Art History, Theory, and Criticism: Letter from the Chair
The new academic year is upon us. With the new year comes the promise of new students and faculty, innovative lectures and thought provoking seminars, and opportunities to continue to expand our offerings in art and design history at SAIC. As is characteristic of a research-oriented department in a prestigious art school, our faculty have been busy with publications, lectures, and talks. Their accomplishments are too numerous to provide a full list here.

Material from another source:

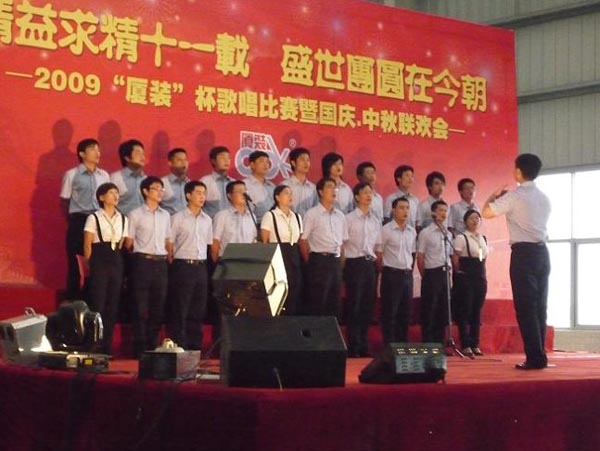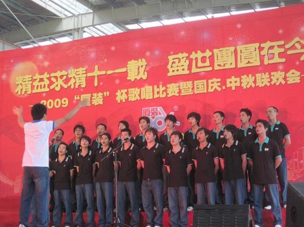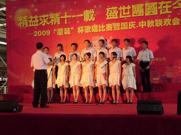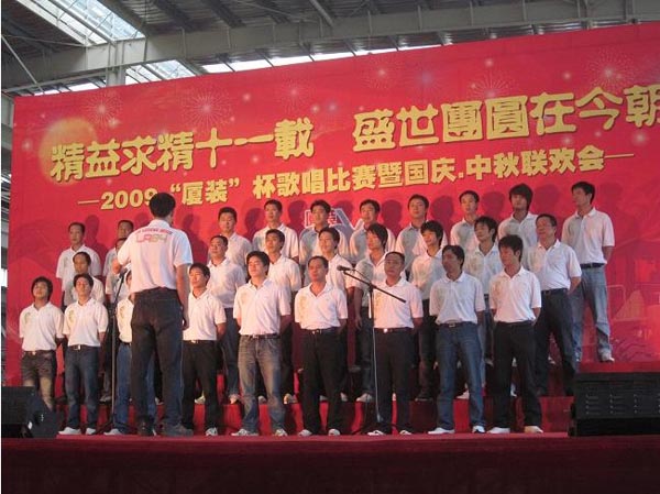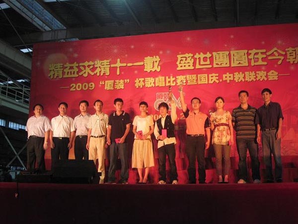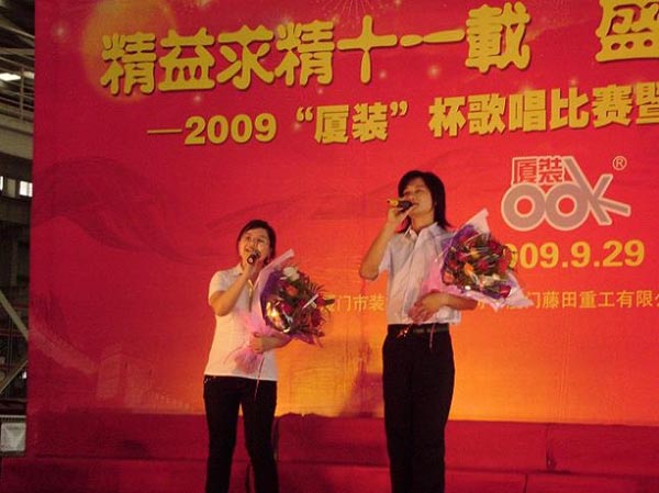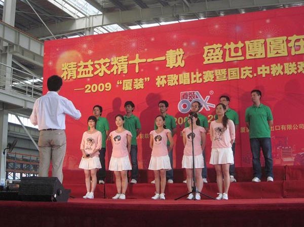 9月29日下午,2009年度“廈裝杯”歌唱比賽在廈裝公司總裝車間舉行。此次歌唱比賽以“精益求精十一載、盛世團(tuán)圓在今朝”為主題,賀祖國(guó)60周年華誕、喜迎中秋、慶祝廈裝成立11周年。公司及各部門從6月份開始籌備此次比賽,此次比賽分為集體組和個(gè)人組,集體組(合唱)以部門為單位,最終有6支隊(duì)進(jìn)入當(dāng)天的決賽,個(gè)人組通過(guò)先前的部門推薦及預(yù)賽選拔,最終有11人闖入決賽。

I am especially pleased to congratulate Annie Bourneuf on receiving the 2016 Robert Motherwell Book Award from the Dedalus Foundation for her book Paul Klee: The Visible and the Legible. Also, Assistant Professor Shiben Banerji was awarded the Mellon Junior Fellowship in the Humanities, Urbanism, and Design at the University of Pennsylvania, a residential fellowship for 2016 – 2017. Among other publications, Assistant Professor Mechtild Widrich co-edited and contributed to Presence. A Conversation at Cabaret Voltaire and Participation in Art and Architecture: Spaces of Interaction and Occupation. Professor David Getsy published Abstract Bodies: Sixties Sculpture in the Expanded Field of Gender and Queer for the Whitechapel Documents of Contemporary Art series. Assistant Professor Seth Kim Cohen published Against Ambience and Other Essays, and he served as Labex International Research Chair at Universite Paris 8.
As has been the department's good fortune for some years now, a new academic year brings on the arrival of a new colleague. I am very pleased to welcome Assistant Professor Jennifer Nelson to SAIC. She will join a department of fifteen full-time historians specializing in modern and contemporary art and design. In addition to teaching undergraduate and graduate courses, Professor Nelson will oversee our undergraduate art history survey sequence, a role that seeks to expand global perspectives in study of art history for our the first-year students. Another important addition to our department is Brooke Barnett, who is our new Administrative Director of Art History, Theory, and Criticism. This year Associate Professor Delinda Collier steps down from her position as the department’s Director of Undergraduate Studies. Assistant Professor Annie Bourneuf will replace her beginning in the fall of 2016.
Dialogue and debate are important aspects of an academic department. The Department of Art History, Theory, and Criticism continues to enrich an already dynamic discourse at the School by hosting and sponsoring lectures, talks, panels, and all manner of events that feature art and design history. Last year we were fortunate to present and support numerous lectures by Sarah Carter, Luis M. Castañeda, Joseph Clarke, Kjetil Fallan, Ramzi Fawaz, Wendy Greenhouse, Caroline Jones, Grace Lees-Maffei, Hamid Naficy, Daniel Siedell, Sarah Jones Weiksel, and Andrew Weiner. Also, the department organized and sponsored two important symposia: “Human-Non-Human Networks” and “Local Anxieties: Relocating Architecture in a Global Public Space.” This year the department will continue to host events that bring to campus both established and up-and-coming scholars. Two notable events for fall 2016 are the Princeton Art Historian Rachael DeLue, who will give the prestigious 28th Annual Norma U. Lifton Lecture on September 6, and, in collaboration with the Goethe Institut, the Architect and Professor of Design Theory at the Hochschule für bildende Künste (HFBK) in Hamburg, Germany, Friedrich von Borries who will participate in a panel discussion with Assistant Professor Bess Williamson and Assistant Professor Mechtild Widrich on September 30.
Since last year, graduate students in SAIC’s Masters of Art History and Dual Degree programs have participated in academic conferences and have traveled nationally and internationally to conduct research on their thesis projects. This student work was partially funded by competitive school and departmental travel grants. Our alumni have continued to gain national and international recognition, and advance their careers as scholars and curators in many of the most esteemed academic and art institutions.
As we prepare for the coming academic year, the department continues to expand our BA in Modern Art History program. We have added “Scholars” sections across our art history curriculum, and a "Pro-Seminar" to follow our already popular "Sophomore Seminar." Both undergraduate seminars prepare art history students for the required capstone "Art History Methods" courses.
Michael J. Golec
Chair, Department of Art History, Theory, and Criticism.